### YOUR TASK:
Print the entries once more, unchanged.

### MATERIAL PROVIDED:
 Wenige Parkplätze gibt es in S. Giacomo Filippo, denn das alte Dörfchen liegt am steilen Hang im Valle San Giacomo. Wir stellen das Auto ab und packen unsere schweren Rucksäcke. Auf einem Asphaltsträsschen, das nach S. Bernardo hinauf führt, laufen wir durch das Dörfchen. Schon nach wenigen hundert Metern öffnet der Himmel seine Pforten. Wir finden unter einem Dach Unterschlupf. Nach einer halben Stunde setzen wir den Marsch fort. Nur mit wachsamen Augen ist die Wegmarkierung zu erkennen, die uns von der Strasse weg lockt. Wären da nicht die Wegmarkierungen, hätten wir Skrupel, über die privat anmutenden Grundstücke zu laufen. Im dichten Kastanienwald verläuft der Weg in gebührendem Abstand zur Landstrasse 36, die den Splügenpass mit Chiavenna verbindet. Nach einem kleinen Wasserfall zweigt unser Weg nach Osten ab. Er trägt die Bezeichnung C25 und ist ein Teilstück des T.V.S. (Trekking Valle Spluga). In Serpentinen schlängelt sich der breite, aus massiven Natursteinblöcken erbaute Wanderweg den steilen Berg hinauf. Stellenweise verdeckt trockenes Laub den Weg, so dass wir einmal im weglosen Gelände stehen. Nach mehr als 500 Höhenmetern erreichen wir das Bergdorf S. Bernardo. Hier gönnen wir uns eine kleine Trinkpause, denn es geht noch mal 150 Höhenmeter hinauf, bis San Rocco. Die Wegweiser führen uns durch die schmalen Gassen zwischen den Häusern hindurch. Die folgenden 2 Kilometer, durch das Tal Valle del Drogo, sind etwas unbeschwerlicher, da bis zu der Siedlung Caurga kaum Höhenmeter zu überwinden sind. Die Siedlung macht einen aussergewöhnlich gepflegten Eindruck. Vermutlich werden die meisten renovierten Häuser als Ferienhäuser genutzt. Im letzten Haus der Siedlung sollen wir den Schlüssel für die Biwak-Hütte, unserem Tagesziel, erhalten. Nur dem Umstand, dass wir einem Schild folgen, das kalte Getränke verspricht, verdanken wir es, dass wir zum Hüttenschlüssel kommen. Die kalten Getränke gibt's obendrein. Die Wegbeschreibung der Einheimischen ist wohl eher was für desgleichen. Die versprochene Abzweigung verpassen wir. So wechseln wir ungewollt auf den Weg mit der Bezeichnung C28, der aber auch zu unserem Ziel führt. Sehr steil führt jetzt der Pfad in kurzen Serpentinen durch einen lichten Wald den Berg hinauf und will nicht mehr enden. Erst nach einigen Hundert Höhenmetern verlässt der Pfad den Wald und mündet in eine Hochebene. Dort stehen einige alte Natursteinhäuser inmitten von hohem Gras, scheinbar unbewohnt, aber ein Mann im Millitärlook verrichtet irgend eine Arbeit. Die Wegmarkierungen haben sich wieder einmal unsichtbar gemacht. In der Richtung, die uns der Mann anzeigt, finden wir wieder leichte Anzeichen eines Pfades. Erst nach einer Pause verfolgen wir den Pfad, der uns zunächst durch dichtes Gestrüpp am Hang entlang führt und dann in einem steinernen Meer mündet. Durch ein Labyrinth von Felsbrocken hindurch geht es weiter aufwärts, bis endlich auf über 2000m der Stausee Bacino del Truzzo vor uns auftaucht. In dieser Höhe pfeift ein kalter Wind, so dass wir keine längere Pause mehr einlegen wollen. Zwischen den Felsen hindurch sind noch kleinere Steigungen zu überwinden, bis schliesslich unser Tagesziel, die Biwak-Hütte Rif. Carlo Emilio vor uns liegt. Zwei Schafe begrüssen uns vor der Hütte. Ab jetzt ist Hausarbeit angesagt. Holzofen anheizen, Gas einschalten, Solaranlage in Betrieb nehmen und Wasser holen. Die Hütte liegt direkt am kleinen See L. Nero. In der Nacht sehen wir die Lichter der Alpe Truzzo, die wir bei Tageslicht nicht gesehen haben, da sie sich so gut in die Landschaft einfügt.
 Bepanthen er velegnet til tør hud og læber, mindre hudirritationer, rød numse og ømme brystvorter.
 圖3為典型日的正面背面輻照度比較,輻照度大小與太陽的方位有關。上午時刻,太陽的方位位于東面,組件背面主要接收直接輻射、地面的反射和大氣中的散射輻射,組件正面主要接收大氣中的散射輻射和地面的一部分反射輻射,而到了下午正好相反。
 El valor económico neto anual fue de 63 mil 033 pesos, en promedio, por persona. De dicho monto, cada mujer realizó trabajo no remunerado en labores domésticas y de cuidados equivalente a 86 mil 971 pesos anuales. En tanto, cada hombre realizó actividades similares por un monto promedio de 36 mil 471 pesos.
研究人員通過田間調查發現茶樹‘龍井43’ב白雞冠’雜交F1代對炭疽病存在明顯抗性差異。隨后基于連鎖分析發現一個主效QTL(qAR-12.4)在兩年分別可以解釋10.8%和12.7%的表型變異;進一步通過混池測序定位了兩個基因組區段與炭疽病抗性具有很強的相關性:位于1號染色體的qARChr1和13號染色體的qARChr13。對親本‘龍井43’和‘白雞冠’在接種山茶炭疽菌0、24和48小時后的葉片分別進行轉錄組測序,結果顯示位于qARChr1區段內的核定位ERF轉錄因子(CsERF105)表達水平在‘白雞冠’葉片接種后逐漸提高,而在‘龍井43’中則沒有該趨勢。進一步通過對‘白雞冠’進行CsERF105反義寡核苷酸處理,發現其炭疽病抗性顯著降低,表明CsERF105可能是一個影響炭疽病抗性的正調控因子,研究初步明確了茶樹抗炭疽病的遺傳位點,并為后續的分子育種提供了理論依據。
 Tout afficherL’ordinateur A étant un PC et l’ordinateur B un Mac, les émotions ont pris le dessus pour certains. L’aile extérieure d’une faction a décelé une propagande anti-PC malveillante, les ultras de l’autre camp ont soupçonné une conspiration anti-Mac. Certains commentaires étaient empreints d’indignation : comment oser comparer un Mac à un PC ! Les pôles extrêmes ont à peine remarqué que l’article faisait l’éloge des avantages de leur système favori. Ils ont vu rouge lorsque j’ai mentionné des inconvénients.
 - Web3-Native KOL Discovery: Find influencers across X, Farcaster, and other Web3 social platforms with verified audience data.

### RESPONSE FOR THIS EXERCISE:
 Wenige Parkplätze gibt es in S. Giacomo Filippo, denn das alte Dörfchen liegt am steilen Hang im Valle San Giacomo. Wir stellen das Auto ab und packen unsere schweren Rucksäcke. Auf einem Asphaltsträsschen, das nach S. Bernardo hinauf führt, laufen wir durch das Dörfchen. Schon nach wenigen hundert Metern öffnet der Himmel seine Pforten. Wir finden unter einem Dach Unterschlupf. Nach einer halben Stunde setzen wir den Marsch fort. Nur mit wachsamen Augen ist die Wegmarkierung zu erkennen, die uns von der Strasse weg lockt. Wären da nicht die Wegmarkierungen, hätten wir Skrupel, über die privat anmutenden Grundstücke zu laufen. Im dichten Kastanienwald verläuft der Weg in gebührendem Abstand zur Landstrasse 36, die den Splügenpass mit Chiavenna verbindet. Nach einem kleinen Wasserfall zweigt unser Weg nach Osten ab. Er trägt die Bezeichnung C25 und ist ein Teilstück des T.V.S. (Trekking Valle Spluga). In Serpentinen schlängelt sich der breite, aus massiven Natursteinblöcken erbaute Wanderweg den steilen Berg hinauf. Stellenweise verdeckt trockenes Laub den Weg, so dass wir einmal im weglosen Gelände stehen. Nach mehr als 500 Höhenmetern erreichen wir das Bergdorf S. Bernardo. Hier gönnen wir uns eine kleine Trinkpause, denn es geht noch mal 150 Höhenmeter hinauf, bis San Rocco. Die Wegweiser führen uns durch die schmalen Gassen zwischen den Häusern hindurch. Die folgenden 2 Kilometer, durch das Tal Valle del Drogo, sind etwas unbeschwerlicher, da bis zu der Siedlung Caurga kaum Höhenmeter zu überwinden sind. Die Siedlung macht einen aussergewöhnlich gepflegten Eindruck. Vermutlich werden die meisten renovierten Häuser als Ferienhäuser genutzt. Im letzten Haus der Siedlung sollen wir den Schlüssel für die Biwak-Hütte, unserem Tagesziel, erhalten. Nur dem Umstand, dass wir einem Schild folgen, das kalte Getränke verspricht, verdanken wir es, dass wir zum Hüttenschlüssel kommen. Die kalten Getränke gibt's obendrein. Die Wegbeschreibung der Einheimischen ist wohl eher was für desgleichen. Die versprochene Abzweigung verpassen wir. So wechseln wir ungewollt auf den Weg mit der Bezeichnung C28, der aber auch zu unserem Ziel führt. Sehr steil führt jetzt der Pfad in kurzen Serpentinen durch einen lichten Wald den Berg hinauf und will nicht mehr enden. Erst nach einigen Hundert Höhenmetern verlässt der Pfad den Wald und mündet in eine Hochebene. Dort stehen einige alte Natursteinhäuser inmitten von hohem Gras, scheinbar unbewohnt, aber ein Mann im Millitärlook verrichtet irgend eine Arbeit. Die Wegmarkierungen haben sich wieder einmal unsichtbar gemacht. In der Richtung, die uns der Mann anzeigt, finden wir wieder leichte Anzeichen eines Pfades. Erst nach einer Pause verfolgen wir den Pfad, der uns zunächst durch dichtes Gestrüpp am Hang entlang führt und dann in einem steinernen Meer mündet. Durch ein Labyrinth von Felsbrocken hindurch geht es weiter aufwärts, bis endlich auf über 2000m der Stausee Bacino del Truzzo vor uns auftaucht. In dieser Höhe pfeift ein kalter Wind, so dass wir keine längere Pause mehr einlegen wollen. Zwischen den Felsen hindurch sind noch kleinere Steigungen zu überwinden, bis schliesslich unser Tagesziel, die Biwak-Hütte Rif. Carlo Emilio vor uns liegt. Zwei Schafe begrüssen uns vor der Hütte. Ab jetzt ist Hausarbeit angesagt. Holzofen anheizen, Gas einschalten, Solaranlage in Betrieb nehmen und Wasser holen. Die Hütte liegt direkt am kleinen See L. Nero. In der Nacht sehen wir die Lichter der Alpe Truzzo, die wir bei Tageslicht nicht gesehen haben, da sie sich so gut in die Landschaft einfügt.
 Bepanthen er velegnet til tør hud og læber, mindre hudirritationer, rød numse og ømme brystvorter.
 圖3為典型日的正面背面輻照度比較,輻照度大小與太陽的方位有關。上午時刻,太陽的方位位于東面,組件背面主要接收直接輻射、地面的反射和大氣中的散射輻射,組件正面主要接收大氣中的散射輻射和地面的一部分反射輻射,而到了下午正好相反。
 El valor económico neto anual fue de 63 mil 033 pesos, en promedio, por persona. De dicho monto, cada mujer realizó trabajo no remunerado en labores domésticas y de cuidados equivalente a 86 mil 971 pesos anuales. En tanto, cada hombre realizó actividades similares por un monto promedio de 36 mil 471 pesos.
研究人員通過田間調查發現茶樹‘龍井43’ב白雞冠’雜交F1代對炭疽病存在明顯抗性差異。隨后基于連鎖分析發現一個主效QTL(qAR-12.4)在兩年分別可以解釋10.8%和12.7%的表型變異;進一步通過混池測序定位了兩個基因組區段與炭疽病抗性具有很強的相關性:位于1號染色體的qARChr1和13號染色體的qARChr13。對親本‘龍井43’和‘白雞冠’在接種山茶炭疽菌0、24和48小時后的葉片分別進行轉錄組測序,結果顯示位于qARChr1區段內的核定位ERF轉錄因子(CsERF105)表達水平在‘白雞冠’葉片接種后逐漸提高,而在‘龍井43’中則沒有該趨勢。進一步通過對‘白雞冠’進行CsERF105反義寡核苷酸處理,發現其炭疽病抗性顯著降低,表明CsERF105可能是一個影響炭疽病抗性的正調控因子,研究初步明確了茶樹抗炭疽病的遺傳位點,并為后續的分子育種提供了理論依據。
 Tout afficherL’ordinateur A étant un PC et l’ordinateur B un Mac, les émotions ont pris le dessus pour certains. L’aile extérieure d’une faction a décelé une propagande anti-PC malveillante, les ultras de l’autre camp ont soupçonné une conspiration anti-Mac. Certains commentaires étaient empreints d’indignation : comment oser comparer un Mac à un PC ! Les pôles extrêmes ont à peine remarqué que l’article faisait l’éloge des avantages de leur système favori. Ils ont vu rouge lorsque j’ai mentionné des inconvénients.
 - Web3-Native KOL Discovery: Find influencers across X, Farcaster, and other Web3 social platforms with verified audience data.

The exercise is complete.